Figure 1 Results of partial least squares path analysis with different aspects of affective phenomenology as outcome variables and latent vectors (LV) extracted from 5 early lifetime trauma (ELT-LV) and number of episodes coupled with lowered lipid-associated antioxidant defences (EPIBIOL-LV) as explanatory variables. Sex was introduced as an explanatory variable for ELT-LV and EPIBIOL-LV. BMI: body mass index, CGI: clinical global impression; disabilities: LV extracted from 4 Sheehan subdomains; WHO-QoL: LV extracted from 4 subdomains; diagnosis: LV extracted from any anxiety disorder, any mood disorder and bipolar disorder.
Figure 1

Results of partial least squares path analysis with different aspects of affective phenomenology as outcome variables and latent vectors (LV) extracted from 5 early lifetime trauma (ELT-LV) and number of episodes coupled with lowered lipid-associated antioxidant defences (EPIBIOL-LV) as explanatory variables. Sex was introduced as an explanatory variable for ELT-LV and EPIBIOL-LV. BMI: body mass index, CGI: clinical global impression; disabilities: LV extracted from 4 Sheehan subdomains; WHO-QoL: LV extracted from 4 subdomains; diagnosis: LV extracted from any anxiety disorder, any mood disorder and bipolar disorder.

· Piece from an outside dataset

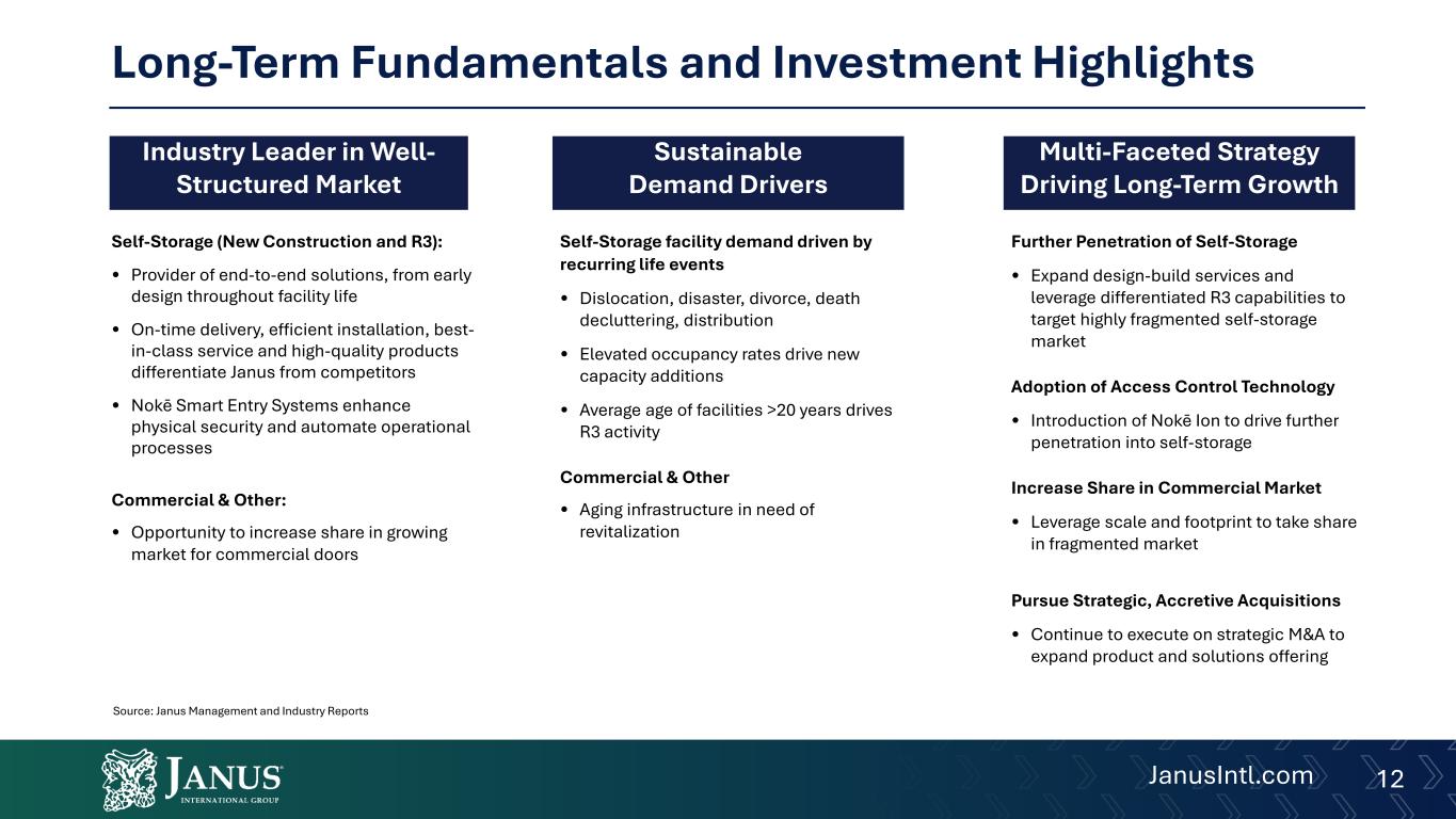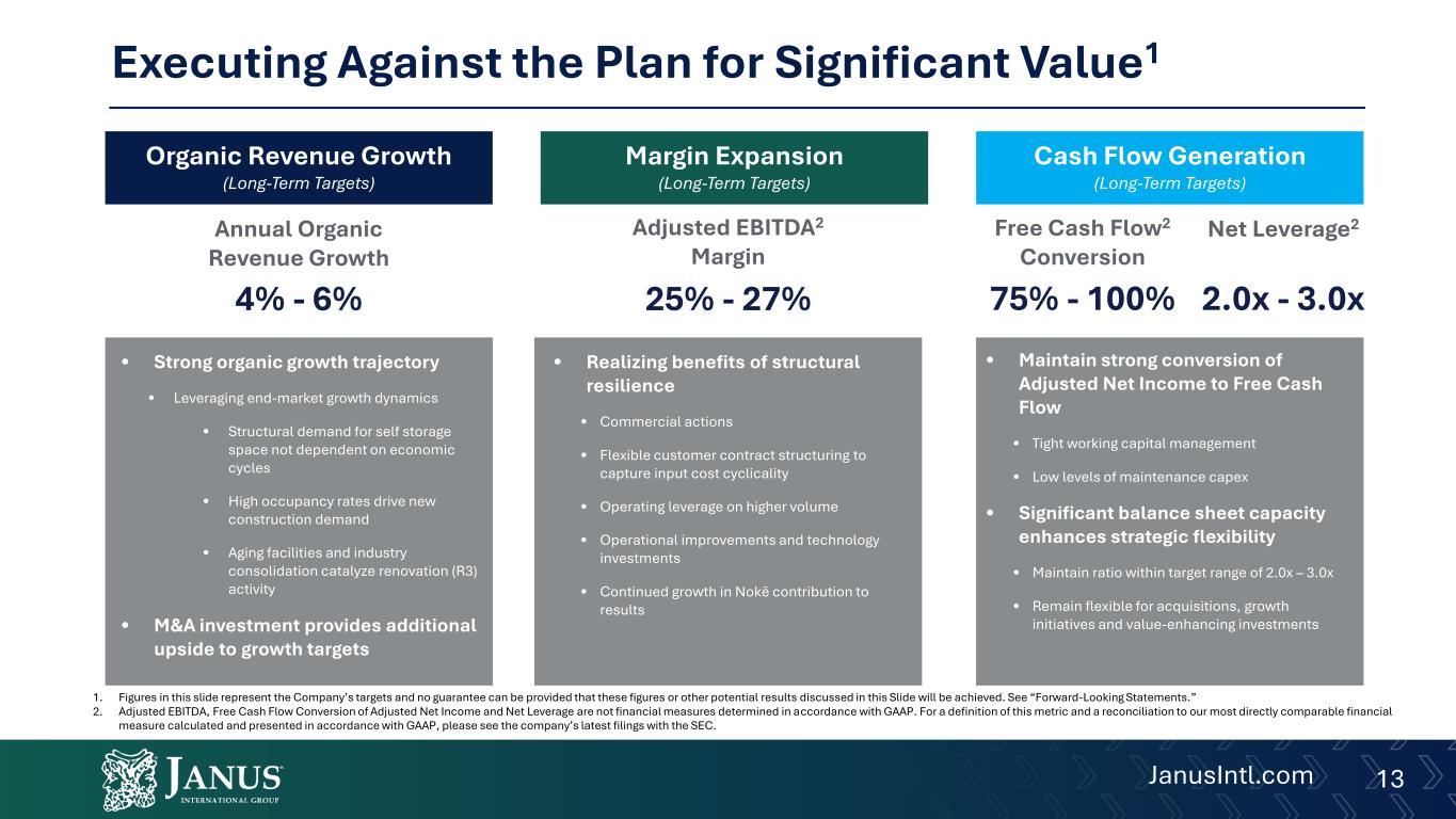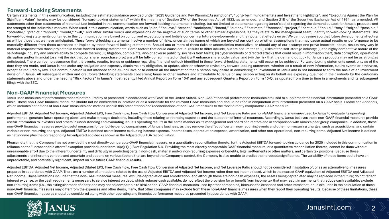 2JanusIntl.com Forward-Looking Statements Certain statements in this communication, including the estimated guidance provided under “2025 Guidance and Key Planning Assumptions”, “Long-Term Fundamentals and Investment Highlights”, and “Executing Against the Plan for Significant Value” herein, may be considered “forward-looking statements” within the meaning of Section 27A of the Securities Act of 1933, as amended, and Section 21E of the Securities Exchange Act of 1934, as amended. All statements other than statements of historical fact included in this communication are forward-looking statements, including, but not limited to statements regarding Janus’s belief regarding the demand outlook for Janus’s products and the strength of the industrials markets. When used in this communication, words such as “plan,” “believe,” “expect,” “anticipate,” “intend,” “outlook,” “estimate,” “forecast,” “project,” “continue,” “could,” “may,” “might,” “possible,” “potential,” “predict,” “should,” “would,” “will,” and other similar words and expressions or the negative of such terms or other similar expressions, as they relate to the management team, identify forward-looking statements. The forward-looking statements contained in this communication are based on our current expectations and beliefs concerning future developments and their potential effects on us. We cannot assure you that future developments affecting us will be those that we have anticipated. These forward-looking statements involve a number of risks, uncertainties (some of which are beyond our control) or other assumptions that may cause actual results or performance to be materially different from those expressed or implied by these forward-looking statements. Should one or more of these risks or uncertainties materialize, or should any of our assumptions prove incorrect, actual results may vary in material respects from those projected in these forward-looking statements. Some factors that could cause actual results to differ include, but are not limited to: (i) risks of the self-storage industry; (ii) the highly competitive nature of the self-storage industry and Janus’s ability to compete therein; (iii) litigation, complaints, and/or adverse publicity; (iv) risks from tariffs; (v) cyber incidents or directed attacks that could result in information theft, data corruption, operational disruption and/or financial loss; (vi) the risk that our share repurchase program will be fully consummated or that it will enhance shareholder value; and (vii) the risk that the demand outlook for Janus’s products may not be as strong as anticipated. There can be no assurance that the events, results, trends or guidance regarding financial outlook identified in these forward-looking statements will occur or be achieved. Forward-looking statements speak only as of the date they are made, and Janus is not under any obligation and expressly disclaims any obligation, to update, alter or otherwise revise any forward-looking statement, whether as a result of new information, future events or otherwise, except as required by law. This communication is not intended to be all-inclusive or to contain all the information that a person may desire in considering an investment in Janus and is not intended to form the basis of an investment decision in Janus. All subsequent written and oral forward-looking statements concerning Janus or other matters and attributable to Janus or any person acting on its behalf are expressly qualified in their entirety by the cautionary statements above and under the heading “Risk Factors” in Janus’s most recently filed Annual Report on Form 10-K and any subsequent Quarterly Report on Form 10-Q, as updated from time to time in amendments and its subsequent filings with the SEC. Non-GAAP Financial Measures Janus uses measures of performance that are not required by or presented in accordance with GAAP in the United States. Non-GAAP financial performance measures are used to supplement the financial information presented on a GAAP basis. These non-GAAP financial measures should not be considered in isolation or as a substitute for the relevant GAAP measures and should be read in conjunction with information presented on a GAAP basis. Please see Appendix, which includes definitions of non-GAAP measures and metrics used in this presentation and reconciliations of non-GAAP measures to the most directly comparable GAAP measure. Adjusted EBITDA, Adjusted Net Income, Adjusted Diluted EPS, Free Cash Flow, Free Cash Flow Conversion of Adjusted Net Income, and Net Leverage Ratio are non-GAAP financial measures used by Janus to evaluate its operating performance, generate future operating plans, and make strategic decisions, including those relating to operating expenses and the allocation of internal resources. Accordingly, Janus believes these non-GAAP financial measures provide useful information to investors and others in understanding and evaluating Janus’s operating results in the same manner as its management and board of directors and in comparison with Janus’s peer group companies. In addition, these non-GAAP financial measures provide useful measures for period-to-period comparisons of Janus’s business, as they remove the effect of certain non-recurring events and other non-recurring charges, such as acquisitions, and certain variable or non-recurring charges. Adjusted EBITDA is defined as net income excluding interest expense, income taxes, depreciation expense, amortization, and other non-operational, non-recurring items. Adjusted Net Income is defined as net income plus the corresponding tax-adjusted add-backs shown in the Adjusted EBITDA reconciliation. Please note that the Company has not provided the most directly comparable GAAP financial measure, or a quantitative reconciliation thereto, for the Adjusted EBITDA forward-l

The BIOL-LV was significantly associated with income (pc = 0.179, p = 0.017), severity LV (pc = -0.288, p < 0.001), CGI (pc = -0.307, p < 0.001), disabilities LV (pc = -0.284, p < 0.001), WHO-QoL LV (pc = 0.277, p < 0.001), diagnosis LV (pc = -0.236, p < 0.001) and an “oxidation LV” with AOPP and MDA as indicator variables (pc = -0.235, p < 0.001). All those effects remained significant after controlling for effects of TUD. There were no associations between this BIOL-LV and BMI, suicidal ideation, suicidal attempts, and use of lithium, antidepressants, mood stabilizers, and antipsychotics.

Binary logistic regression analysis showed that ELT-LV was significantly associated with mood disorders (W = 22.21, df = 1, p < 0.001, OR = 3.15, 95%CI: 1.96-5.09); BD (W = 21.41, df = 1, p < 0.001, OR = 2.35, 95%CI: 1.643.37); any anxiety disorder (W = 15.65, df = 1, p < 0.001, OR = 2.03, 95%CI: 1.43-2.88); employment (W = 9.81, df = 1, p = 0.002, OR = 0.60, 95%CI: 0.43-0.82); use of mood stabilizers (W = 15.48, df = 1, p < 0.001, OR = 2.14, 95%CI: 1.47-3.13); use of antipsychotics (W = 9.35, df = 1, p = 0.002, OR = 1.77, 95%CI: 1.23-2.54) and lithium (W = 11.83, df = 1, p = 0.001, OR = 2.00, 95%CI: 1.35-2.96), but not TUD and use of antidepressants.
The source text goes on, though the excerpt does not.